Keith Wiens, who has been charged with second degree murder in the 2011 killing of his common law wife Lynn Kalmring, said in court in British Columbia that he only killed her because he feared for his life.
On August 11, 2011 – the night that Kalmring died – the two had played a Nintendo Wii video game after drinking alcohol and eating dinner.
Wiens said they usually waged bets of a sexual nature, and that Kalmring had won the game that night.
Bet: Apparently the deadly fight started over a risque game of Wii
Later, when he went to bed, Wiens found sex toys scattered across his pillow.
Wiens, who wanted to get rest before a golf game the next day, pushed the toys aside and tried to go to sleep.
That’s when Kalmring became upset.
Wiens said that she confronted him multiple times and then suggested that he didn’t want to have sex because he wasn’t attracted to her and that he wanted to go to work in Grand Prairie to get out of their relationship.
’I said “No, it’s nothing to do with that. I love you. I just need to get some sleep,”‘ Wiens said.
He went back to rest, but Kalmring wouldn’t give up. He told her to go sleep in the spare room and thought that worked until he was woken up later by Kalmring hitting him.
Something had changed, Wiens noticed. And he began to fear for his life.
‘She was not Lynn. She was crazy and she’d just assaulted me when I was sound asleep, and I was worried about what was coming next,’ he recalled.

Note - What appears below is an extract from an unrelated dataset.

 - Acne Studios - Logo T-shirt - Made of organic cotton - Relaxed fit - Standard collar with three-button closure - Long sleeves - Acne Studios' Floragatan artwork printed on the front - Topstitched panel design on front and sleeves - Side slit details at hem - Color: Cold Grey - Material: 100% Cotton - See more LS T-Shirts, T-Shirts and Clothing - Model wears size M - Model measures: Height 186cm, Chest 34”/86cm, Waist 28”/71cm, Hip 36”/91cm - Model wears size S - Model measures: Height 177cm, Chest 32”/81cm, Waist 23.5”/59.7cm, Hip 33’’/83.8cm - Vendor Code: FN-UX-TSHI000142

So he pulled out the handgun he kept in his bedside table for protection.
When Kalmring burst through the bedroom again, this time with a knife, Wiens shot her once in the head.
He then says that he put his gun back in his holster and went to throw up in the bathroom. He called 911, got dressed and waited for police outside.

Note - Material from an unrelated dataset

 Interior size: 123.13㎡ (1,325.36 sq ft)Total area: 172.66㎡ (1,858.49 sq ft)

Shot dead: Wiens said Kalmring came at him with a knife, and that’s why he shot her
According to Wiens, this was the first fight that the couple ever had.
But the prosecution and experts found faults in Wiens testimony.
First of all, it wasn’t the first fight.
Crown counselor Colin Forsyth pointed out that they had been in an argument before when Wiens stopped Kalmring from breaking into Willie Nelson’s dressing room at a concert and flashing her breasts.
‘That’s the only time we had a disagreement with each other,’ Wiens said.
A forensic pathologist also found it strange that Kalmring was found with the knife in her hand.
If she was shot she would have dropped the knife, or if she grasped it as she fell to the floor, it wouldn’t have been easy to pry from her hands.
‘I didn’t touch Lynn in anyway, shape or form,’ Wiens responded.